Enseñaba que los dioses eran los mismos en todos los pueblos, con diversa apariencia, y que correspondían a las mismas fuerzas divinas en todo el universo. También enseñaba tolerancia para todos los cultos, ya que la unidad de las religiones estaba expresada en la ciencia esotérica. Así, la enseñanza moral preparaba el camino a la enseñanza filosófica.

Les hablaba de una jerarquía de seres superiores que eran guías y protectores, y que servían de intermediarios entre los hombres y la Divinidad, y que para llegar a ellos se debían practicar las virtudes. Enseñaba que los números tenían el secreto de las cosas y que Dios era la armonía universal. A la purificación del alma seguía la del cuerpo, que se obtenía por la higiene y la disciplina. Debían vencer sus pasiones, sin embargo no prescribía una vida célibe, puesto que el matrimonio era considerado como santo.

Posterior a esto, comenzaba la verdadera iniciación. Esta consistía en una exposición completa de la doctrina oculta desde sus principios contenidos en la ciencia de los números hasta la evolución universal.

Pitágoras llamaba matemáticos a sus discípulos, porque su enseñanza comenzaba por la doctrina de los números. Esta matemática sagrada o ciencia de los principios era más trascendente que la matemática profana. El número se consideraba como la virtud intrínseca y activa del Uno supremo, de Dios, fuente de la armonía universal. Con ellos formaba una teogonía o teología racional, constituyendo la síntesis de todas las cosas. Fue el primero en introducir ideas filosóficas en las matemáticas y dio un orden a las ciencias, que no habían tenido antes.

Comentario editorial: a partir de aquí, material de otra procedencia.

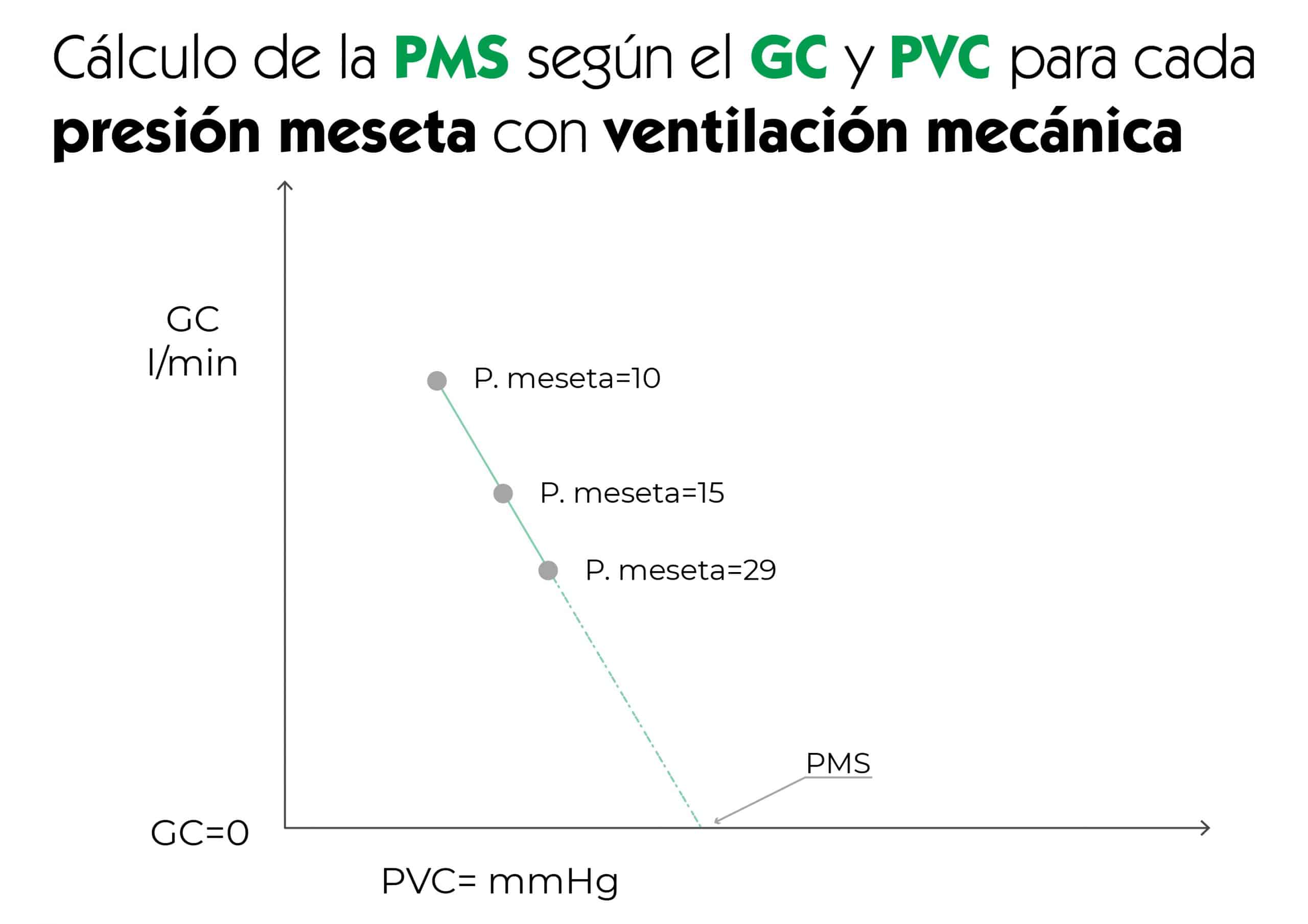 En pacientes con ventilación mecánica realizan una pausa inspiratoria de 12 segundos con presiones meseta de 5, 15, 25 y 35 cmH2O. Posteriormente, se extrapolan los resultados para un GC de 0 y se toma la medida de PVC como la PMS.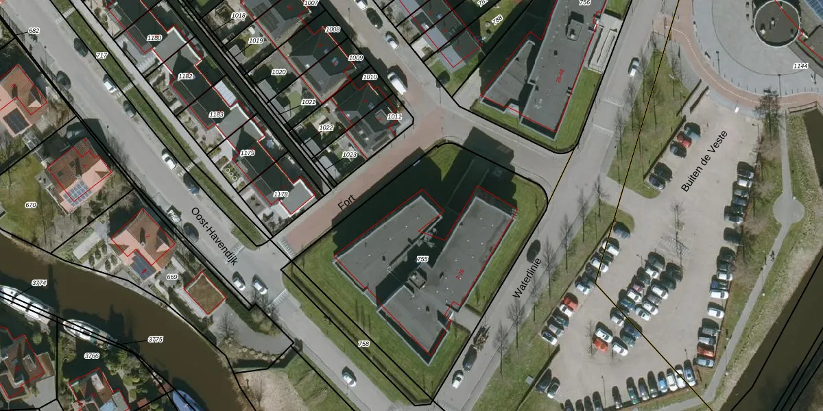 Het perceel waarop Waterlinie 6 staat heeft een oppervlakte van 2015 m². Dit is een zeer groot perceel. De perceeloppervlakte wordt geregistreerd door het Kadaster. Gedetailleerde informatie over de maten van dit perceel kunt u vinden in het rapport Kadastrale kaart met maatvoering van Waterlinie 6.

Pitágoras agregaba que la obra de la iniciación consistía en aproximarse al gran Ser, volviéndose tan perfecto como fuese posible, sólo así Dios,descendería en nuestra consciencia. Dios era la sustancia indivisible, que tenía por número la unidad, por nombre el de Padre, de Creador o Eterno Masculino, y por signo el Fuego viviente, símbolo del espíritu, siendo el primer principio.

Decía Pitágoras que la Mónada actuaba como Díada creadora, es decir, Dios manifestándose como una dualidad: esencia invisible y substancia visible, principio masculino activo, animador y principio femenino pasivo, La Díada representaba la unión del Eterno masculino y del Eterno Femenino en Dios. Orfeo hablaba de que Júpiter es el Esposo y Esposa Divinos. Esta idea se refleja en todos los politeísmos, donde intuitivamente han representado a la Divinidad tanto en forma masculina como en forma femenina. En la humanidad, la mujer representaba a la naturaleza, y la imagen perfecta de Dios no era el hombre solo, sino ambos.